Why It Works: Arrowroot, a starch made from the roots of several tropical plants, may reduce stomach issues, suggests a small study published in 2000 in the Brazilian journal Arquivos De Gastroenterologia. Eggs are a complete protein, meaning they contain the nine essential amino acids your body needs to function optimally, and offer less risk of stomach issues compared to dairy-based proteins, which appear in classic flapjacks.

How to Tweak It: Add an extra egg white to increase the protein content. Or slather your favorite nut butter or honey between pancakes to boost the calories. You can drop the cost to just 45 cents per serving by using regular white flour, if your stomach allows.

How To Make It: Mix the following ingredients into a batter. Pour the batter onto a hot pan and cook until done, flipping once.

  • 1/2 cup arrowroot flour
  • 1 ripe banana
  • 1 egg

Calories: 397
Carbs: 83 grams
Fat: 5 grams
Protein: 7 grams
Price Per Serving: $1.25
Calories Per Dollar: 318


Turkey-Beet-Bacon Wrap

I’ll never forget one of the best meals I’ve ever had: a cup of hot broth in a foam Dixie cup, handed to me by a race volunteer at the finish line of a cold October Jersey Shore half marathon. When you’ve spent the past hour or two pouring sweat, nothing beats salty, savory comfort foods. That’s what this turkey-and-beet wrap delivers, along with extra carbs and protein—plus bacon. Wind it tight and it’ll take up the same space as an energy bar.

Why It Works: Turkey delivers protein and endurance-boosting vitamins and minerals like B6, B12, niacin, choline, selenium, and zinc. Opt for the sliced deli variety, which has more salt (you’ll need it). The nitrates in beets may boost your endurance and improve blood flow, according to a study in the Applied Journal of Physiology, and white tortillas digest quickly.

How to Tweak It: If you’re working at a high heart rate, use two tortillas and reduce the turkey to one ounce. That ups the quick-digesting carbs and reduces the load on your digestive system. Toss in a handful of spinach for an antioxidant and potassium boost.

How to Make It: Construct a wrap using the following ingredients.

  • 1 white tortilla
  • 3 ounces deli turkey
  • 2 to 3 sliced beets (from can)
  • 1 slice bacon

Calories: 285
Carbs: 32 grams
Fat: 10 grams
Protein: 20 grams
Price Per Serving: $1.40
Calories Per Dollar: 204


Waffle-Tofu-Honey Sandwich

Performance waffles might be convenient, but they don’t have as much flavor, value, or protein as this at-home variety, which features honey, tofu, and timeless Eggo waffles.

Why It Works: Honey is nature’s energy goo. Researchers at the University of Memphis described it as a “cocktail of various sugars” that improved the performance of cyclists just as much as an expensive endurance goo. Tofu offers easy-to-digest, taste-free protein that’s high in the electrolyte calcium. Waffles are a secret weapon of endurance champions; the frozen variety is convenient and fortified with vitamins and minerals.

How to Tweak It: Use half the ingredient quantities for shorter efforts. If you can’t stand tofu, keep the protein high by subbing in a piece or two of thin-sliced, salty deli ham.
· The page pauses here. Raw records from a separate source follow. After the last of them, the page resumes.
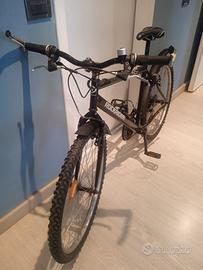 Vendo MTB della b-twin, modello Rockrider 5.0 , misura ruota 26 pollici, telaio misura M. Completamente revisionata. Cambio Shimano a 21 velocità, portaborraccia alluminio, prolunghe manubrio, parafanghi, catarifrangenti ruote, campanello. Sella Bassano Virtual, copertoni e catena nuovi . Perfetta e pronta all'uso. Zona Ostia lido. Ritiro a mano sul posto. Tel 347-3207224. Non ho whatsapp. Grazie
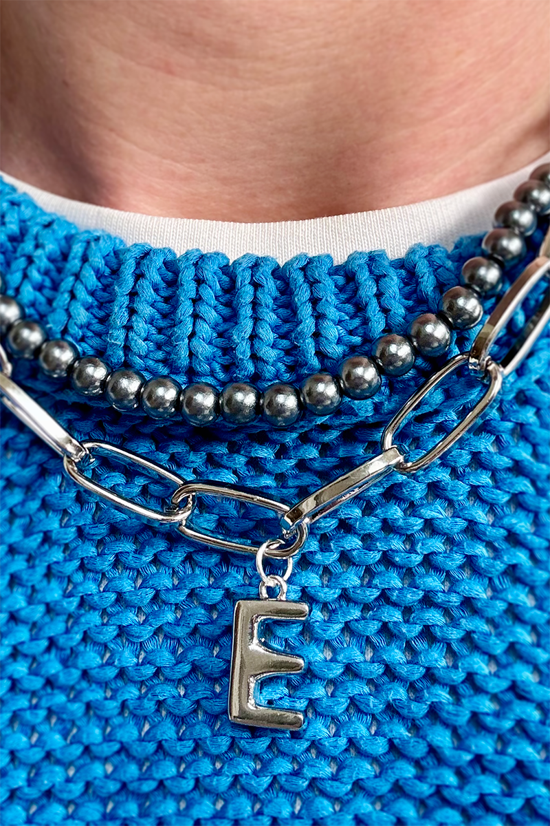 This necklace is also now available in all silver. The plated chain and letter can be gifted as a personalised treat and worn alone or layered.
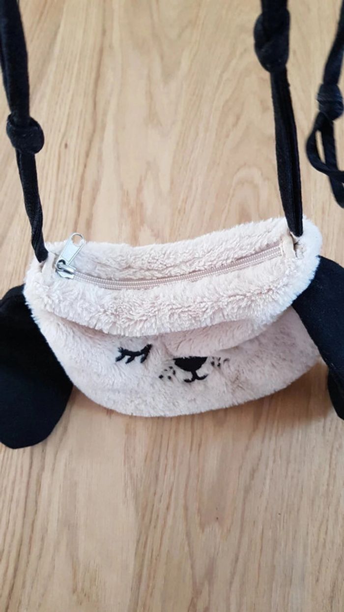 Sac fille en forme de tête de chien avec les longues oreilles, tout doux, se ferme avec une fermeture éclair, parfait état
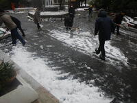 昨晩は大雪でした。今日は、子ども達も雪遊びを楽しみにしていたと思いますが、今日の気温が高かったこともあり雨になりかなり雪が溶けてしまいました。それでも、子ども達は端などに積もった雪をかき集め雪玉を作ったりして、本当に楽しそうに遊んでいました。朝は、子ども達の安全のために、先生方で除雪作業をしました。
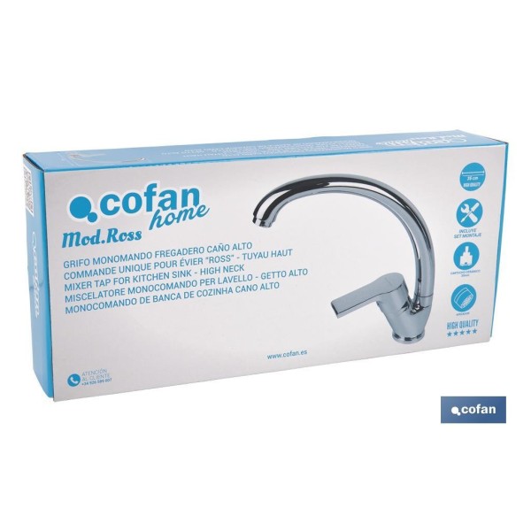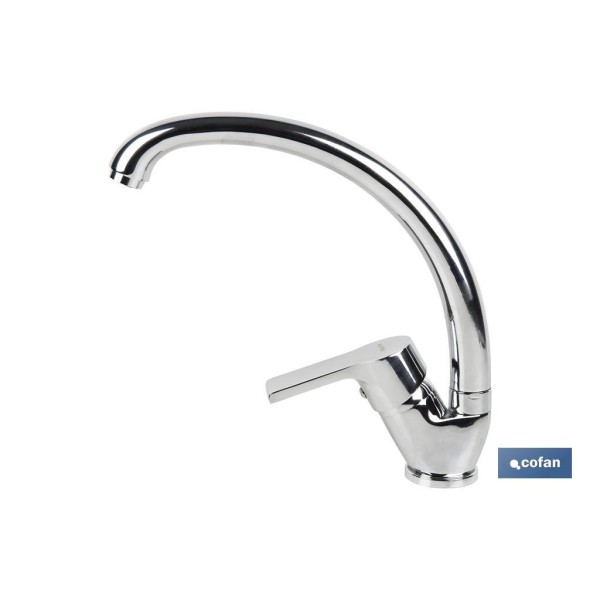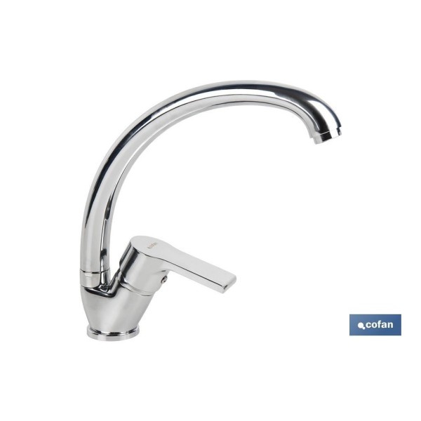 Grifo de cocina monomando para el fregadero. Fabricado en latón cincado con acabado cromado. Caño alto en C. Cuenta con un cartucho cerámico de 35 mm y dispone de aireador anti cal. Tiene un caudal de 8 l/min. Incluye kit de fijación y los latiguillos son de alta calidad. Medidas: 23 x 25 x 4 cm. Muy fácil de instalar.

How to Make It: Simply make a sandwich with the following ingredients.

  • 2 Eggo waffles
  • 2 tablespoons honey
  • 3 ounces firm tofu

Calories: 399
Carbs: 63 grams
Fat: 11 grams
Protein: 14 grams
Price Per Serving: $1.22
Calories Per Dollar: 318


Rice and Ginger Balls

Ultrarunner Nickademus Hollon, who won the notoriously difficult Barkley Marathons in 2013 and has routine dealt with stomach issues, discovered these treats while testing out different on-trail foods. The secret ingredient? Ginger, which the Chinese have been using to aid digestion and treat upset stomach for more than 2,000 years. Hollon says the balls are cheap (this is the cheapest recipe here) and easy to make.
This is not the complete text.